Dirigeants Des Grandes Puissances : La Peur Du Nucléaire S’Estompe

La peur d’une catastrophe nucléaire s’estompe progressivement chez les dirigeants des grandes puissances, selon une analyse publiée par The Economist et relayée par plusieurs observateurs. Alors qu’aux temps de la guerre froide, la menace d’une destruction mutuelle agissait comme un frein redoutable, les arsenaux se modernisent aujourd’hui sans susciter la même retenue stratégique.

L’histoire de la dissuasion nucléaire s’est longtemps nourrie de la terreur partagée des dirigeants face aux conséquences d’un conflit atomique. Kennedy et Nikita Khrouchtchev avaient pris soin d’écarter leurs conseillers les plus radicaux pour éviter de voir s’élever des champignons atomiques. Vingt-quatre ans plus tard, en octobre 1986, la rencontre de Reykjavik en Islande illustrait une autre tentative de maîtrise de cette force destructrice. Durant ce sommet de deux jours, qualifié de sommet de tous les espoirs, Ronald Reagan et Mikhaïl Gorbatchev incarnaient la gestion de près de environ 60 000 ogives nucléaires contrôlées à distance, chaque dirigeant ayant à ses côtés un assistant prêt à actionner le mécanisme fatal sur ordre présidentiel.

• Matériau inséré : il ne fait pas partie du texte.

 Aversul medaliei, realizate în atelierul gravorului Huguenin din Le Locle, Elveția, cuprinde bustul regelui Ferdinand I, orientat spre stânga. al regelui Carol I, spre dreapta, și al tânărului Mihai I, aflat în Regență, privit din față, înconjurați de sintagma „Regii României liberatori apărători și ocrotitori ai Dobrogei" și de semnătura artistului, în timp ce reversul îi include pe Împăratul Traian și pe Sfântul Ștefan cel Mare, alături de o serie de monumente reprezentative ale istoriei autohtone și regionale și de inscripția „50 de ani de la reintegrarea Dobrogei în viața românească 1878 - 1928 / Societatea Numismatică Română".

Du sommet de Reykjavik aux traités de désarmement

Bien que ce sommet de 1986 ait initialement échoué en raison des divergences sur le projet américain de bouclier antimissile, baptisé Initiative de défense stratégique ou guerre des étoiles par les médias, il avait ancré une réalité entre les deux superpuissances. Depuis la maison Höfði, les deux dirigeants partageaient une même aversion et un rejet profond des armes nucléaires, une prise de conscience qui a par la suite favorisé la signature de traités de désarmement importants, comme le rappelle The Economist. Aujourd’hui, cet effroi partagé semble céder la pas à des calculs géopolitiques pragmatiques où la menace d’un anéantissement global n’exerce plus le même ascendant psychologique sur le commandement des grandes nations.

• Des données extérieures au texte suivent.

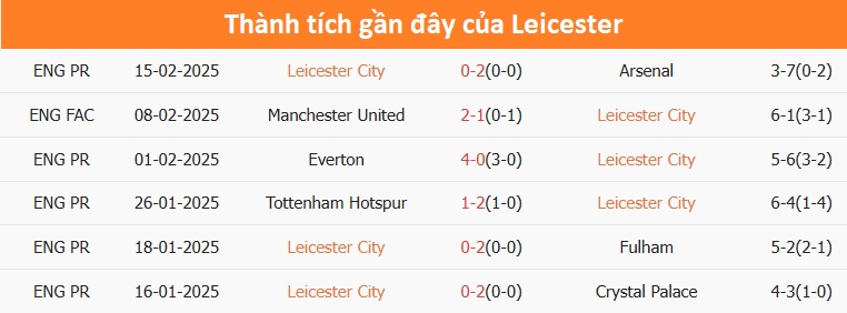 - Leicester thua 5 trận gần nhất trên sân nhà ở Ngoại hạng Anh.

La modernisation des arsenaux aux États-Unis, en Chine et en Russie

Les dynamiques actuelles montrent que les puissances mondiales se tournent résolument vers le renforcement de leurs capacités militaires. Aux États-Unis, la position présidentielle a évolué. S’exprimant contre la perspective d’une guerre qu’il qualifiait de catastrophe dans les années 1990 comme lors de sa campagne de 2016, le président Donald Trump maintient une ligne moins prévisible depuis son retour au pouvoir, ayant vendu des technologies nucléaires à des alliés et relancé le projet d’un bouclier antimissile de type Dôme d’or destiné à protéger le territoire national des attaques de missiles.

Guerre nucléaire: pourquoi les dirigeants du monde semblent aujourd’hui moins terrifiés
Photo: geo.fr

De son côté, la Chine poursuit l’expansion de ses forces tout en affirmant officiellement ne pas souhaiter de confrontation mondiale qui menacerait ses ambitions économiques. Toutefois, Pékin refuse de s’associer à des négociations trilatérales sur le contrôle des armements aux côtés de Washington et de Moscou, arguant que son arsenal demeure largement inférieur à ceux des deux autres géants. La République populaire adopte également une posture plus souple face aux programmes nucléaires de la Corée du Nord et de l’Iran, évitant d’exercer des pressions susceptibles de déstabiliser ces régimes alliés.

Quant à la Russie, elle a opéré le changement le plus spectaculaire dans sa doctrine, selon l’analyse de The Economist. Le Kremlin ne conçoit plus un ordre mondial affranchi de l’arme atomique et brandit fréquemment la menace de son utilisation pour intimider ses rivaux et affirmer son statut de grande puissance, reléguant la crainte d’une déflagration au second plan derrière ses intérêts stratégiques immédiats.